2019-11-22 - ACS001 Core Failure (Resolved)
This article shares insights on an ACS001 Core Failure episode, detailing how the issue was resolved in 2019-11-22.
Table of Contents
Event Description: ACS001 Crash
Event Start Time: 2019-11-22 11:42 PM EST
Event End Time: 2019-11-23 01:29 AM EST
RFO Issue Date: 2019-11-25
Affected Services
Phones registered to Atlanta lost registration. Devices configured with SRV or UDP failed over. Devices configured as TCP or manually registered to core1-atl did not regain registration.
Event Summary
On November 22nd, 2019, at 23:42 EDT, the ACS clusterbegan crashing repeatedly. Several phones lost registration and the ability to make or receive calls.
Event Timeline (All times 24-hour format, EST)
November 22nd, 2019
- 23:42 First crash reporting by monitoring systems. Phones lost registration. Notice placed in partner server
- 23:43 Failover verified to SJE and NYJ clusters
November 23rd, 2019
- 00:00 Issue verified isolated to Atlanta servers
- 00:25 Rolled back 40.2 updates in case that might have been the cause of the issue
- 00:57 Services to Atlanta resumed and functional. Endpoints configured for UDP or SRV registered back to the Atlanta cluster. Cause yet undetermined.

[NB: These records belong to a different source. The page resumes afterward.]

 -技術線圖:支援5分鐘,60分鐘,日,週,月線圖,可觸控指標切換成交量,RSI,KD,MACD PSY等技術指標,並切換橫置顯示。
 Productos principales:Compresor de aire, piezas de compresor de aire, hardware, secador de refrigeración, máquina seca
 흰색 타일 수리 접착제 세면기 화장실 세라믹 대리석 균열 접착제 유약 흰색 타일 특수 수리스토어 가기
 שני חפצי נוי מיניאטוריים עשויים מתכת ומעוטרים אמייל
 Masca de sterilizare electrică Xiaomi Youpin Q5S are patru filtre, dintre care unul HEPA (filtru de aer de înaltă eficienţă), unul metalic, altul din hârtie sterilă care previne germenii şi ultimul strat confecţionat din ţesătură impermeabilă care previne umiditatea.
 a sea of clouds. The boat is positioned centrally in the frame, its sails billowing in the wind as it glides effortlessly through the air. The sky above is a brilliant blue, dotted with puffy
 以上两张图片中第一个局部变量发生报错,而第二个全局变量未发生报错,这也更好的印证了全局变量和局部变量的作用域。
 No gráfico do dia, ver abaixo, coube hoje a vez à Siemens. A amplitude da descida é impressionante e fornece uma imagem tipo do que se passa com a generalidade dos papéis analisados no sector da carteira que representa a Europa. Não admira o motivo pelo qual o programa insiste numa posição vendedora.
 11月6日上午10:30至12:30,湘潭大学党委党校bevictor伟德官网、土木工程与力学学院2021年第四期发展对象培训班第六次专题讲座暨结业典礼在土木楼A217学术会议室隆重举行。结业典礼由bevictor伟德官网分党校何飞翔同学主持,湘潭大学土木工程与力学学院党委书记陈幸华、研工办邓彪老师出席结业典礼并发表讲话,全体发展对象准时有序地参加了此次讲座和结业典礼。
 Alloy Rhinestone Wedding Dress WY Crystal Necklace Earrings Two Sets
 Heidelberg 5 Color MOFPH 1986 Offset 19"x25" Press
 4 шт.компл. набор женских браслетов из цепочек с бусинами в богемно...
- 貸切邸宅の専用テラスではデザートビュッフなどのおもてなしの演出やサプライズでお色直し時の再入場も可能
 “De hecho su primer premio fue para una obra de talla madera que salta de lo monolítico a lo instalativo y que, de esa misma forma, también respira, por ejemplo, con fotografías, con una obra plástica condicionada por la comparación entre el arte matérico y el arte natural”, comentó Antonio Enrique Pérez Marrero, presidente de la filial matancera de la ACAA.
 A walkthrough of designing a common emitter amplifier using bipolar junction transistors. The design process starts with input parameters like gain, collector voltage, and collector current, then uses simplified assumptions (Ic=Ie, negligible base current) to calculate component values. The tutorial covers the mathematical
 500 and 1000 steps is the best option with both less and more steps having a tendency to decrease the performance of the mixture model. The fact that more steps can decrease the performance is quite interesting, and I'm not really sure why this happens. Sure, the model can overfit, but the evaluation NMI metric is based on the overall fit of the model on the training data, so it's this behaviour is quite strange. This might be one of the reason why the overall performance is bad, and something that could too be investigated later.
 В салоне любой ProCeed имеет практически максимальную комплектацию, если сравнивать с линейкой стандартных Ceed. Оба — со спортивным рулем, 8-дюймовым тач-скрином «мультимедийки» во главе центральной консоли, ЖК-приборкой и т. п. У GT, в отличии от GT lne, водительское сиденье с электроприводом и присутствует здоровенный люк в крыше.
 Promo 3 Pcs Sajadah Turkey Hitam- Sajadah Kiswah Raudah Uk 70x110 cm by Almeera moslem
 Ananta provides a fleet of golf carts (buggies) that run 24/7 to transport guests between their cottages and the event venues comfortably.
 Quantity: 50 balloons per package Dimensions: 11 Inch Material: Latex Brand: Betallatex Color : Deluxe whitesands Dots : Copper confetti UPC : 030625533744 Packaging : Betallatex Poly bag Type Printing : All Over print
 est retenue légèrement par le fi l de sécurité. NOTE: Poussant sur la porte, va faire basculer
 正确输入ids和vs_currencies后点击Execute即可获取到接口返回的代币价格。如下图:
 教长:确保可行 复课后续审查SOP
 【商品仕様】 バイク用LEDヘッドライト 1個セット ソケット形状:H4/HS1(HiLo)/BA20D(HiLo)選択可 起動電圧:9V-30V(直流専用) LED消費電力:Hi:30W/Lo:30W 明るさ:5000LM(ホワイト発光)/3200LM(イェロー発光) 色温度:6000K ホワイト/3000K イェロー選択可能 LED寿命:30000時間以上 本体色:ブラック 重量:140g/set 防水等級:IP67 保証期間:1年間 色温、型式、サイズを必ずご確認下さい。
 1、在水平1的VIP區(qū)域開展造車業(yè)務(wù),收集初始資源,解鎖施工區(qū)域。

- 01:29 Atlanta cluster remained online. All UDP and SRV phones remained registered. Some reports of call history not functioning. Would continue to investigate in the morning.
- 17:12 Call history page restored. All services functional
Root Cause Analysis
In troubleshooting with NetSapiens and our own senior engineers, we determined that malformed TCP packets were causing a crash in the TCP stack. We believe the packets were isolated to a single device but more testing is needed. Normally this would not affect services. However, the repeated crashes and subsequent core dumps quickly filled the server's storage. The eventual full storage prevented normal functions from processing.
Future Preventative Action
While not a permanent fix, the decision was made to block TCP device registration. This affected less than 1% of our total registered devices. Devices that were configured for TCP must be reconfigured to use UDP. We are continuing to work with NetSapiens senior engineer staff to determine how a single errant device could crash the stack. Finally, we have instituted additional safeguards that will immediately move core dump files off the server immediately to prevent full storage again.
Update 11/26/19
Worked with NS engineering to isolate issues to TCP connections in SIP trunks only. SIP trunk TCP functionality was left disabled. TCP functionality for endpoints was restored and devices re-registered successfully. Systems have been stable since. NS will continue to follow up regarding SIP trunk TCP.